GWAS summary statistics are provided using a prefix to one or many (per chromosome) files with the --sumstats_prefix argument and the --sumstats_suffix argument when nevecessary. GWAS summary statistics must be provided as a whitespace delimited file containing the results of an association study for a given phenotype. BridgePRS has no problem reading in a gzipped base file (need to have a .gz suffix) or splitting the file by chromosome if necessary. An example of a sumstats file with default column headers is shown:

Default Headers #CHR ID REF A1 A1_FREQ OBS_CT BETA SE T_STAT P ERRCODE
Argument --ssf-snpid --ssf-ref --ssf-alt --ssf-maf --sdf-n --ssf-beta --ssf-se --ssf-p .
Data 1 rs12184325 T G 0.0257573 4853 0.820864 0.413692 1.98424 0.0472871 .
Data 1 rs4970382 C A 0.483495 4847 0.0011142 0.128347 0.00868116 0.993074 .
Data 1 rs2710890 G G 0.424387 4814 0.108094 0.132225 0.817497 0.413687 .
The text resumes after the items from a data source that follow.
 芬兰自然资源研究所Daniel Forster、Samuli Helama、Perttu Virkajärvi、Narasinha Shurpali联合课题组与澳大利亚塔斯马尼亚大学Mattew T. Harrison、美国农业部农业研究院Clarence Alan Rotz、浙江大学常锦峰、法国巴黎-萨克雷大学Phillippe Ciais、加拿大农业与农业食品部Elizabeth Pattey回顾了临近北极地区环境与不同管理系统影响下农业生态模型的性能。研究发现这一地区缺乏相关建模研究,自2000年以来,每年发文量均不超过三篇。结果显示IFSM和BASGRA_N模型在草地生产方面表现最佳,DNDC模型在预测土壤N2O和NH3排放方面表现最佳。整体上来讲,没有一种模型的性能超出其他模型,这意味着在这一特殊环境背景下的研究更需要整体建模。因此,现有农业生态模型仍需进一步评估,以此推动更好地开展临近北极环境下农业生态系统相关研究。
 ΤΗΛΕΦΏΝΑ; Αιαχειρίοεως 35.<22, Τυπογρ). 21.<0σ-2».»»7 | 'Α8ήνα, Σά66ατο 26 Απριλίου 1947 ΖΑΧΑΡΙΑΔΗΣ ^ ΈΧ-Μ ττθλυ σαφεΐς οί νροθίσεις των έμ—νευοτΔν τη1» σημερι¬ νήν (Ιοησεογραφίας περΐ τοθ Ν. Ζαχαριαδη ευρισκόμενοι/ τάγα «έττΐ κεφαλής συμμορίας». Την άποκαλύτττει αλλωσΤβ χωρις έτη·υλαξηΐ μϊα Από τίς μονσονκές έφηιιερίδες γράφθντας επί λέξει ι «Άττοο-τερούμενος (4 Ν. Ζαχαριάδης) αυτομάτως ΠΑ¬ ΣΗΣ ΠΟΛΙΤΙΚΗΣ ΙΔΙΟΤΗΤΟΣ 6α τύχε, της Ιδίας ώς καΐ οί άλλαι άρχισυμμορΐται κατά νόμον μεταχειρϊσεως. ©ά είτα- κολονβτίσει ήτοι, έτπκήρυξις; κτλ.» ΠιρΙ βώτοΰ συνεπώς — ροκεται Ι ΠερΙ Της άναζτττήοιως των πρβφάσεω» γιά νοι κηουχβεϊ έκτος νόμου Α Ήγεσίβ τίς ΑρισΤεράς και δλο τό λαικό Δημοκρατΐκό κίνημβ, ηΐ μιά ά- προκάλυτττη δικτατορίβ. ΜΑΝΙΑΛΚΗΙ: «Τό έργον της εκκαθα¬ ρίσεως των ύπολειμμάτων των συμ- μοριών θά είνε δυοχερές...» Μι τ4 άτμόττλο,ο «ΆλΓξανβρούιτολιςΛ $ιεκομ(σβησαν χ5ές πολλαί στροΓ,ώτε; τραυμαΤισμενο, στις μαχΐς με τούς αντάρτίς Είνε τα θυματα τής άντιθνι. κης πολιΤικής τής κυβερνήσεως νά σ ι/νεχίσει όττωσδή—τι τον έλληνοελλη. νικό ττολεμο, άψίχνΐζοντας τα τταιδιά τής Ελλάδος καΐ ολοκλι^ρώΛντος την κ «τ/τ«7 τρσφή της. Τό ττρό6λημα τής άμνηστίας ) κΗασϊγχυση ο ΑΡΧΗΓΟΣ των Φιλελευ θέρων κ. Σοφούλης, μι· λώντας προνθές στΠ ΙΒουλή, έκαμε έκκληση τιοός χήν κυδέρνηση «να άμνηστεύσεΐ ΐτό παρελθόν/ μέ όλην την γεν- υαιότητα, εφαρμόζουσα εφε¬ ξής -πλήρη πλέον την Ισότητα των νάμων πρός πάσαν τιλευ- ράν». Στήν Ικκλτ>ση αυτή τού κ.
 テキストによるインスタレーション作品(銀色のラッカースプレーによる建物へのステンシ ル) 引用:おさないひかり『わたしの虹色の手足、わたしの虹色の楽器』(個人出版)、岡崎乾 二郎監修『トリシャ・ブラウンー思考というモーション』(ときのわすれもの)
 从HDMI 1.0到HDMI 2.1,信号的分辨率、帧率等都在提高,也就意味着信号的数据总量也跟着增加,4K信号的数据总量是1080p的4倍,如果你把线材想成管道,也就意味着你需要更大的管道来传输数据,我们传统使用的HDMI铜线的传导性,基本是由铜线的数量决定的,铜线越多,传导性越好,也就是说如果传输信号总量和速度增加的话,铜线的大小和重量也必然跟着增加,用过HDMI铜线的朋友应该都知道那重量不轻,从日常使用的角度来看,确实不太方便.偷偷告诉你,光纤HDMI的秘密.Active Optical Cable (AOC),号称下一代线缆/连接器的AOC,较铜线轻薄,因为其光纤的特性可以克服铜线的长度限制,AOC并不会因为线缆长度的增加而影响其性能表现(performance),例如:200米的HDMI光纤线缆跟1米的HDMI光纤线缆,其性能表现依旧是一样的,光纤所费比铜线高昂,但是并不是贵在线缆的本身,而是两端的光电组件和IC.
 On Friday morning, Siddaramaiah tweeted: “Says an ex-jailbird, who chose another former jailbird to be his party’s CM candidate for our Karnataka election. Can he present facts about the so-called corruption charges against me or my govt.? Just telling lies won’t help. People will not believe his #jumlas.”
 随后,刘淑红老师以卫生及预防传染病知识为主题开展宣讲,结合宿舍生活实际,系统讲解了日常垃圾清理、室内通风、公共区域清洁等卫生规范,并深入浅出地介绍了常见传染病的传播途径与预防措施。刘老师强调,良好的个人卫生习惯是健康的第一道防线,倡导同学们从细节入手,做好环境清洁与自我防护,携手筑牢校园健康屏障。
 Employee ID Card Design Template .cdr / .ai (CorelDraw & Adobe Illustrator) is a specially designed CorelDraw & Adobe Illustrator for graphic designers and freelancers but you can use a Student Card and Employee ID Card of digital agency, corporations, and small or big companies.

The --ssf arguments can be used to specify column headers for different files.

2) Genotype Files

Genotype files must be in Plink Format.

3) Phenotype Files

Phenotype files can be provided to BridgePRS using the --phenotype_files flag. This must be a tab / space delimited file and missing data must be represented by either NA or -9 (only for binary traits). The first two column of the phenotype file should be the FID and the IID, and the rest can be phenotypes/covariates:

FID IID y y.binary PC1 PC2
afr1_1 afr2_1 24.4 1 0.53 0.950
afr1_2 afr2_2 4.10 0 0.59 0.450
afr1_3 afr2_3 37.2 1 0.73 -0.13
afr1_4 afr2_4 5.40 0 0.44 -0.55

The phenotype of interest can be specified with the --phenotype flag and the covariates can be given as a comma separated list after the --covariates flag:

```
./bridgePRS check data -o out --pop AFR --phenotype y --covariates PC1,PC2 
                       --phenotype_file data/pop_africa/phenotypes/afr_pheno.dat 
```

Warning

The column name(s) should not contain space nor comma

4) QC SNP List

To select only SNPS that have passed QC, you can include a single column text file using the --snp_file flag.